時々、健康診断の二次検診で「尿酸が低い」と指摘されて外来を受診される患者さんがいらっしゃいます。自覚症状や重篤な基礎疾患がなく、尿酸を低下させる薬剤を内服していない場合、腎性低尿酸血症の可能性があります。

◆Key Points◆ ・血清尿酸値が低い(特に、2.0mg/dL未満)場合、腎性低尿酸血症を疑う
・血清尿酸値が2.1~3.0mg/dLの場合は、軽度の腎性低尿酸血症の可能性がある
・腎性低尿酸血症の合併症として、運動後急性腎障害および尿路結石が重要

腎性低尿酸血症の診療アルゴリズム(腎性低尿酸血症診療ガイドライン 日本痛風・核酸代謝学会 より引用)

 

腎性低尿酸血症(renal hypouricemia; RHUC)

・日本人に多く、有病率は日本人の0.3%程度と推定

・原因:腎尿細管上皮細胞における尿酸排泄亢進(再吸収不全)

・機序:腎尿細管上皮細胞における尿酸再吸収輸送体遺伝子の機能消失型遺伝子変異

    URAT1/SLC22A12の変異(=RHUC1)

    GLUT9/SLC2A9の変異(=RHUC2)

 

診断:

 腎性低尿酸血症の診断指針(腎性低尿酸血症診療ガイドライン 日本痛風・核酸代謝学会)を参照

 FEUA

 外来でも血液検査、尿生化学(随時尿でも可)検査ができれば、FEUAの測定は簡便です。

FEUAの計算式、正常範囲は下記の通りです。

 FEUA=(UUA×SCre)÷(SUA×UCre)×100

  正常値:8.3 (5.5~11.1)%

  FEUAは、RHUC1では30~70%、RHUC2では100%以上となることが多い

 

腎性低尿酸血症の鑑別疾患

 低尿酸血症の機序として、尿酸の排泄亢進と、産生低下の2つがあります。

 しかし、いずれも自覚症状や全身状態から鑑別が可能なものや、非常に稀な遺伝性の疾患ばかりです。
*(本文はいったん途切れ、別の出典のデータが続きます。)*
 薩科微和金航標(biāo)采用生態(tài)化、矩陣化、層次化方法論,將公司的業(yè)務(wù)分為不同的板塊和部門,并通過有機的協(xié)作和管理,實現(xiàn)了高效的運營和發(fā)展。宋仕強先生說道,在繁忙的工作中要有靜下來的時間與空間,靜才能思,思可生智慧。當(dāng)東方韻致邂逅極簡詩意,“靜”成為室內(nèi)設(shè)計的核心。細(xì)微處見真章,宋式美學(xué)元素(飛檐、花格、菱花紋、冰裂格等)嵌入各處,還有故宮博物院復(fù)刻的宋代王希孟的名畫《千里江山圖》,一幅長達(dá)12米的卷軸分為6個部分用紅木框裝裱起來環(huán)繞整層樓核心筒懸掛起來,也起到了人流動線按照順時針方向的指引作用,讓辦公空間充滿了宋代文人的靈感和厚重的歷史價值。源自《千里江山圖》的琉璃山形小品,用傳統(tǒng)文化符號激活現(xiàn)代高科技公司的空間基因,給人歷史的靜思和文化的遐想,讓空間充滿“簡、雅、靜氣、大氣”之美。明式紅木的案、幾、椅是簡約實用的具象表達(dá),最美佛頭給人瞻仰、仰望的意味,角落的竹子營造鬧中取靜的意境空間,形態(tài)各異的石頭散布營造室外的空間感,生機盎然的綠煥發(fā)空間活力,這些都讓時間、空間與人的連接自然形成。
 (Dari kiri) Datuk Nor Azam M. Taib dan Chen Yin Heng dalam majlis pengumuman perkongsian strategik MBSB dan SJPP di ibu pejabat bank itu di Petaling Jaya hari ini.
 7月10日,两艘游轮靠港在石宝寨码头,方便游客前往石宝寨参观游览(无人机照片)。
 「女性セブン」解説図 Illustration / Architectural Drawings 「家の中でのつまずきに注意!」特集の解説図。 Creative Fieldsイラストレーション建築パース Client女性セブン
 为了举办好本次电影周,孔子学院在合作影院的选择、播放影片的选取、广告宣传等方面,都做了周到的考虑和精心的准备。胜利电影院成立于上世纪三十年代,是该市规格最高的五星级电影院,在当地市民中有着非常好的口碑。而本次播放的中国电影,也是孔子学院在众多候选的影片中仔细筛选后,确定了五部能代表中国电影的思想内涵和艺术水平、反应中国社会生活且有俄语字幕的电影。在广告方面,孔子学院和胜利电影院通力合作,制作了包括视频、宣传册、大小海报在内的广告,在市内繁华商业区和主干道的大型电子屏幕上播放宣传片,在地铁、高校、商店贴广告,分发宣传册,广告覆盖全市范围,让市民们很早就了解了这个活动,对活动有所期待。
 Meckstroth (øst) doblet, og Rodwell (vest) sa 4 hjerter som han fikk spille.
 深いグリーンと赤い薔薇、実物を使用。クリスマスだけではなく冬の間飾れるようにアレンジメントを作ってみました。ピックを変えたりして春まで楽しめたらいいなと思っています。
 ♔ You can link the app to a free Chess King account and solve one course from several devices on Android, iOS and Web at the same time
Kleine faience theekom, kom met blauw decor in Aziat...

腎性低尿酸血症の診療アルゴリズム(腎性低尿酸血症診療ガイドライン 日本痛風・核酸代謝学会 より引用)

 

合併症・問題点、その対策

 ・運動後急性腎不全(acute renal failure with severe loin pain and patchy renal ischemia after anaerobic exercise; ALPE)

 ・尿路結石

対策(生活指導)

・水分摂取を増やす(特に運動前)

・過激な運動は控える

・非ステロイド性抗炎症薬(NSAIDs)内服時は運動を控える

 

(参考文献)

腎性低尿酸血症診療ガイドライン 日本痛風・核酸代謝学会 痛風と核酸代謝 2018; 42: 1-51. (PDF)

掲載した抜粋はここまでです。